Work to be completed>
Transcribe all of the entries below exactly. Leave out the pictures.

Material shown>
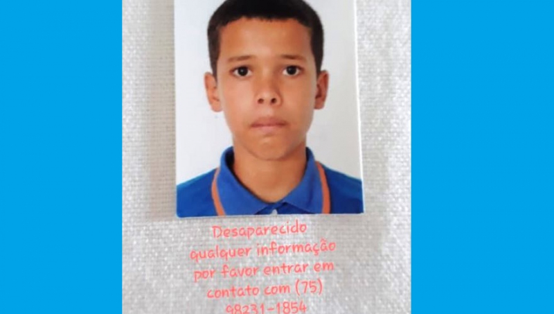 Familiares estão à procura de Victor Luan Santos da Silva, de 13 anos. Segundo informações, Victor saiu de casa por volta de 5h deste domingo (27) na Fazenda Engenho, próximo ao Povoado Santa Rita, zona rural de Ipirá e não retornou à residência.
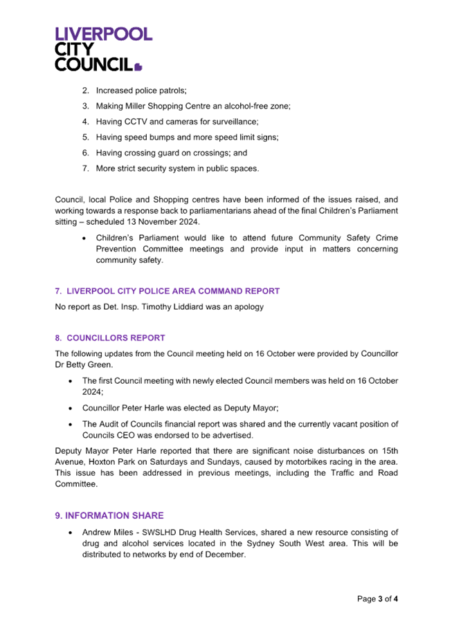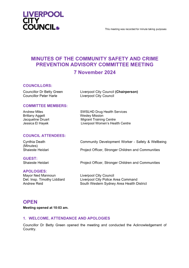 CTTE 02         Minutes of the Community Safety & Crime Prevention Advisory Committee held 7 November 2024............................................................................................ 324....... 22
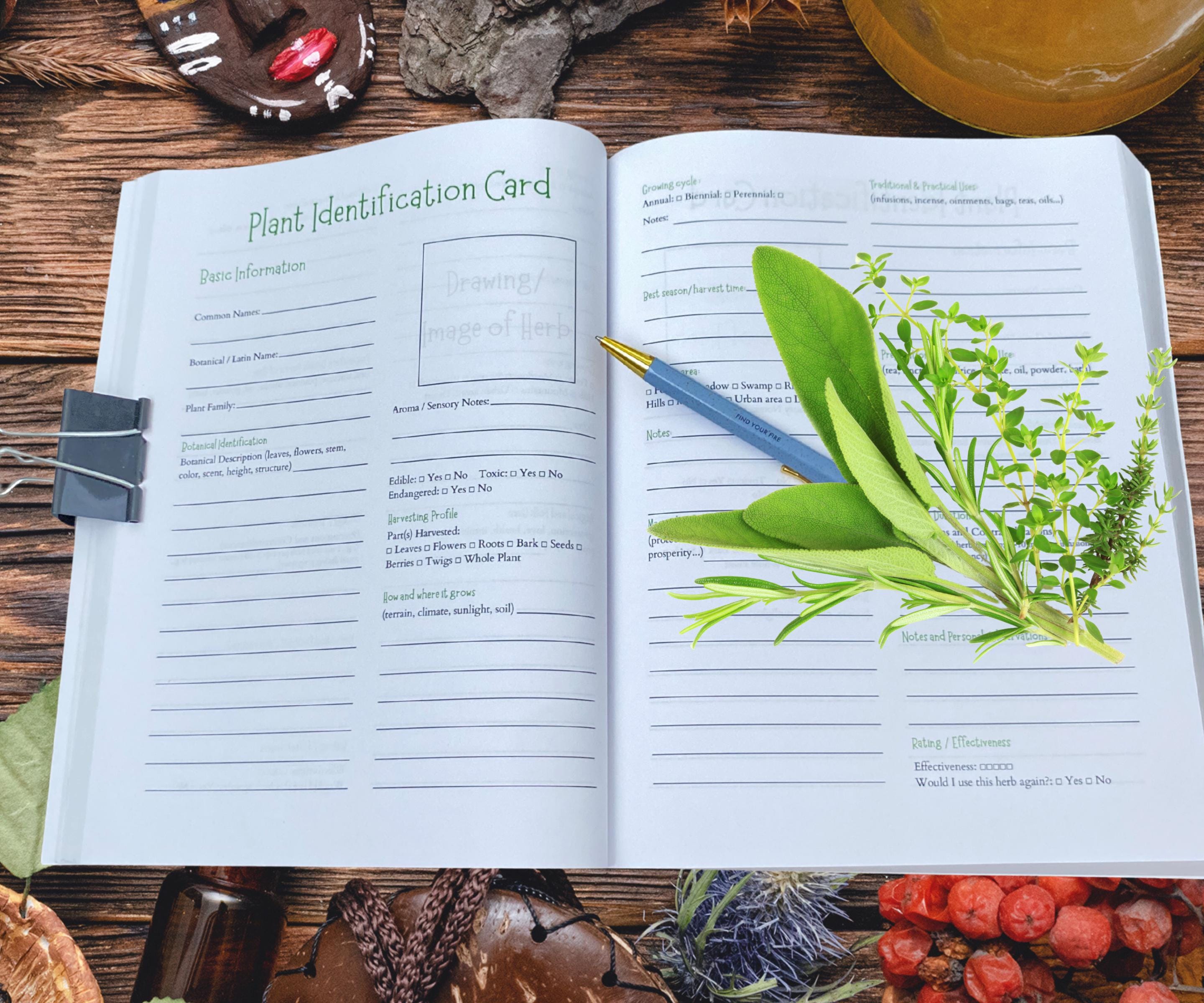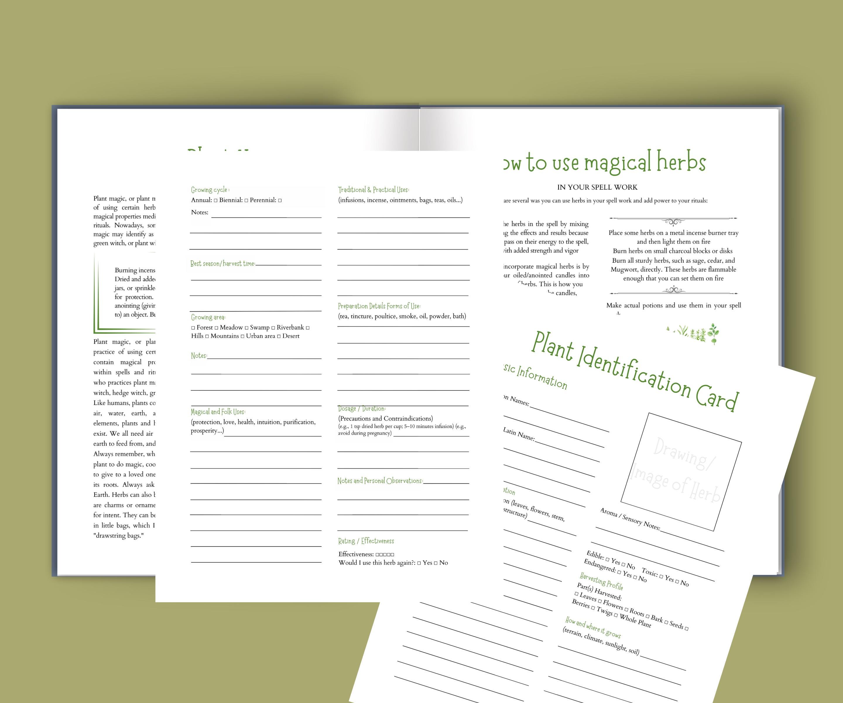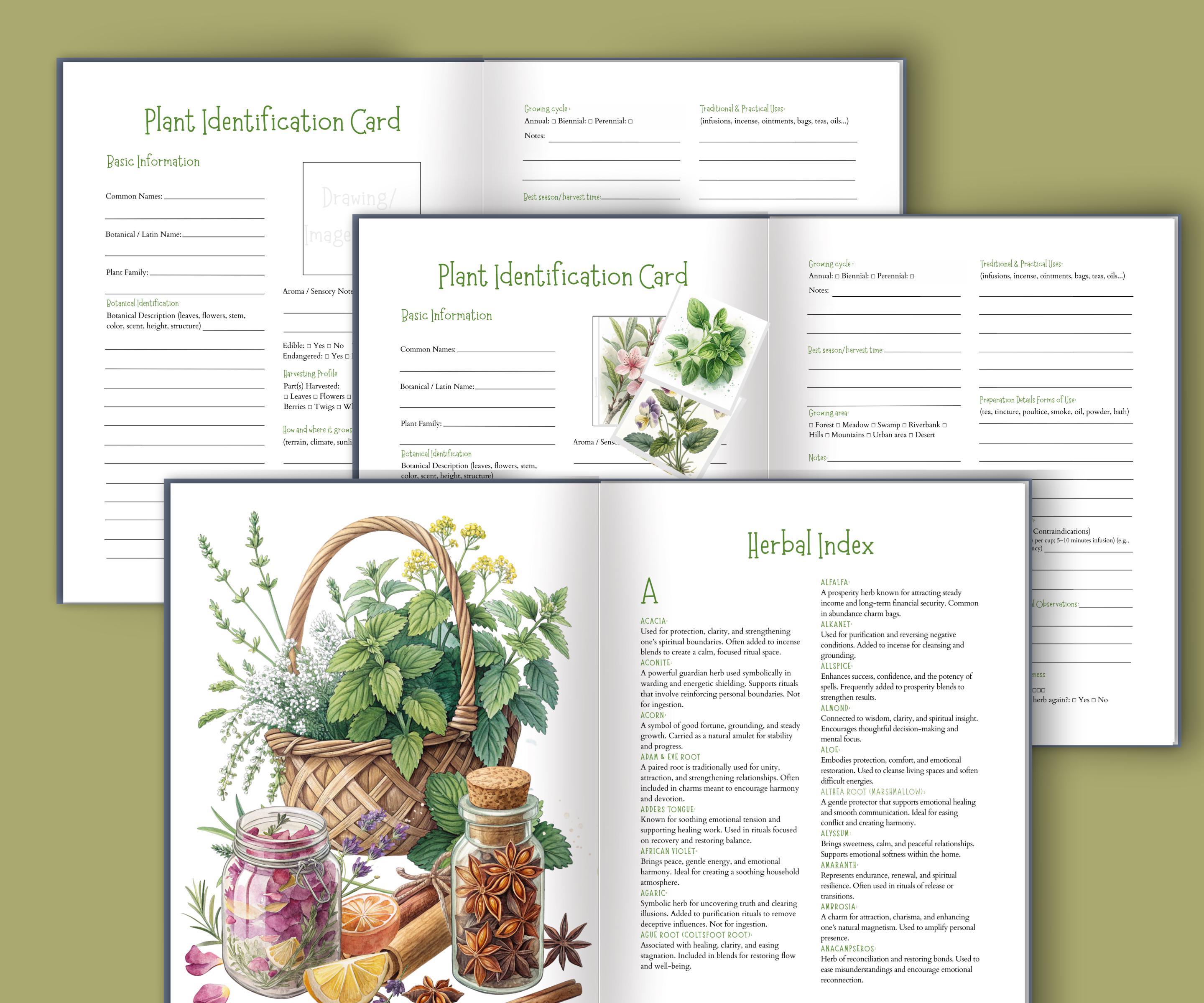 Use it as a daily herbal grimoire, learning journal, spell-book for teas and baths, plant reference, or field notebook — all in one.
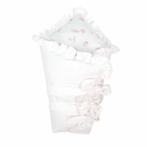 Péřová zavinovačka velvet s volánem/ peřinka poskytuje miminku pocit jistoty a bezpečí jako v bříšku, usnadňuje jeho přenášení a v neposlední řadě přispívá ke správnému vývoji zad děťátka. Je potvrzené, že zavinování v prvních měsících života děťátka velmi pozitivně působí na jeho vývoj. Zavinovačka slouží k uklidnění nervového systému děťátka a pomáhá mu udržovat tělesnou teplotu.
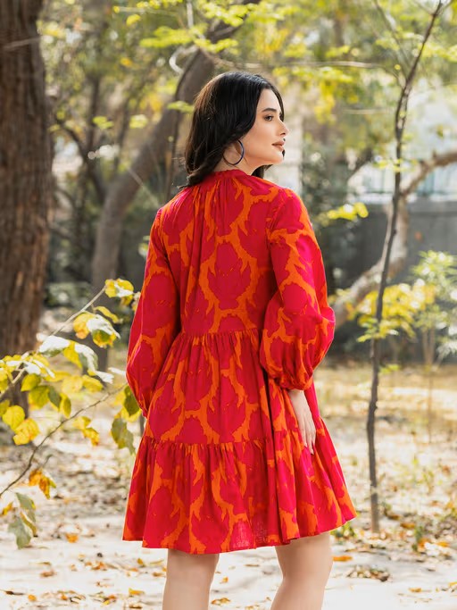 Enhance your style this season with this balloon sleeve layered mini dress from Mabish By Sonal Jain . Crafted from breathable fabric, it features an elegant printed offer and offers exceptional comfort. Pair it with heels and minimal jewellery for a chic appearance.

Response>
 Familiares estão à procura de Victor Luan Santos da Silva, de 13 anos. Segundo informações, Victor saiu de casa por volta de 5h deste domingo (27) na Fazenda Engenho, próximo ao Povoado Santa Rita, zona rural de Ipirá e não retornou à residência.
 CTTE 02         Minutes of the Community Safety & Crime Prevention Advisory Committee held 7 November 2024............................................................................................ 324....... 22
 Use it as a daily herbal grimoire, learning journal, spell-book for teas and baths, plant reference, or field notebook — all in one.
 Péřová zavinovačka velvet s volánem/ peřinka poskytuje miminku pocit jistoty a bezpečí jako v bříšku, usnadňuje jeho přenášení a v neposlední řadě přispívá ke správnému vývoji zad děťátka. Je potvrzené, že zavinování v prvních měsících života děťátka velmi pozitivně působí na jeho vývoj. Zavinovačka slouží k uklidnění nervového systému děťátka a pomáhá mu udržovat tělesnou teplotu.
 Enhance your style this season with this balloon sleeve layered mini dress from Mabish By Sonal Jain . Crafted from breathable fabric, it features an elegant printed offer and offers exceptional comfort. Pair it with heels and minimal jewellery for a chic appearance.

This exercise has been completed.